The refusal on the part of most of the French to eat anything but a cereal-based diet was another major issue. Bread likely accounted for 60-80 percent of the budget of a wage-earner’s family at that point in time. Consequently, even a small rise in grain prices could spark political tensions. Because this was such an issue, and probably the major cause of the French Revolution among the majority, Finance Minister Jacques Necker (1732–1804) claimed that, to show solidarity with the people, King Louis XVI was eating the lower-class maslin bread. Maslin bread is from a mix of wheat and rye, rather than the elite manchet, white bread that is achieved by sifting wholemeal flour to remove the wheatgerm and bran.
That solidarity was seen as propaganda and the instigators made up the Marie Antoinette quote: Let them eat cake. . Then there was a plot drawn up at Passy in 1789 that fomented the rebellion against the crown shortly before the people stormed the Bastille. It declared “do everything in our power to ensure that the lack of bread is total, so that the bourgeoisie are forced to take up arms.”

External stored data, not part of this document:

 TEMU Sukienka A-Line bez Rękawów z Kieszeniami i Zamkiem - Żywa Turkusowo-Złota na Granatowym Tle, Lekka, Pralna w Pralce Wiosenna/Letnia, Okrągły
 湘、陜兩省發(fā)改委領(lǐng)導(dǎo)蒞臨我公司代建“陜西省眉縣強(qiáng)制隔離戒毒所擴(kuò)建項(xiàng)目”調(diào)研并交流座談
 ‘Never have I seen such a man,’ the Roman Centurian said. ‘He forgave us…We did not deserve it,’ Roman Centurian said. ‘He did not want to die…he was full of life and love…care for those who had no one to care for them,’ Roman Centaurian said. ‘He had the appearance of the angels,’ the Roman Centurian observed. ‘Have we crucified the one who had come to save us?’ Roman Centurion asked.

It was also at this time when Anne Robert Jacques Turgot (1727-1781), Baron de l’Aulne, was a French economist and statesman. He was originally considered a physiocrat, but he kept an open mind and became the first economist to have recognized the law of diminishing marginal returns in agriculture. He became the father of economic liberalism which we call today laissez-faire for he put it into action. He saw the overregulation of grain production was behind also contributing to the food shortages. He once said: “Ne vous mêlez pas du pain”—Do not meddle with bread.
The French Revolution overthrew the monarchy and they began beheading anyone who supported the Monarchy and confiscated their wealth as well as the land belonging to the Catholic Church. Nevertheless, the revolution did not end French anxiety over bread. On August 29th, 1789, only two days after completing the Declaration of the Rights of Man and of the Citizen, the Constituent Assembly completely deregulated domestic grain markets. The move raised fears about speculation, hoarding, and exportation.

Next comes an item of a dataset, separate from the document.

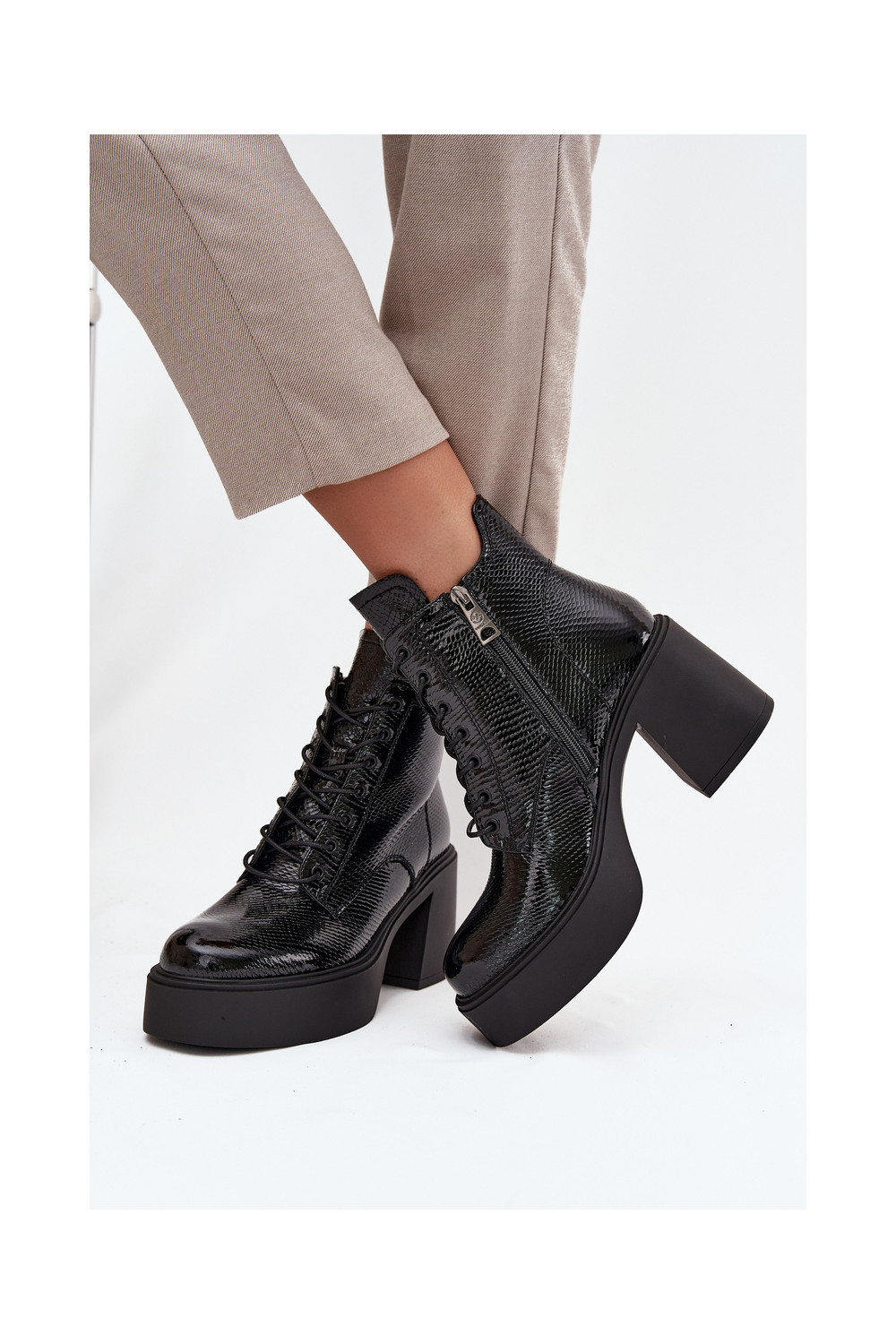 Odas sieviešu zābaki ar platformu Vinceza 66817 ar laku melnā krāsā

Then on October 21st, 1789, a baker, Denis François, was accused of hiding loaves from sale as part of a conspiracy to deprive the people of bread. Despite a hearing which proved him innocent, the crowd dragged François to the Place de Grève, hanged and decapitated him, and made his pregnant wife kiss his bloodied lips. Immediately thereafter, the National Constituent Assembly instituted martial law. At first sight, this act appears as a callous lynching by the mob, yet it led to social sanctions against the general public. The deputies decided to meet popular violence with force.
So, food has often been a MAJOR factor in revolutions. We are entering a cold period. Ukraine has been the breadbasket for Europe. Escalating this war will also lead to accelerating the food shortages post-2024. It is interesting how we learn nothing from history. Wars are instigated by political leaders while revolutions are instigated by the people.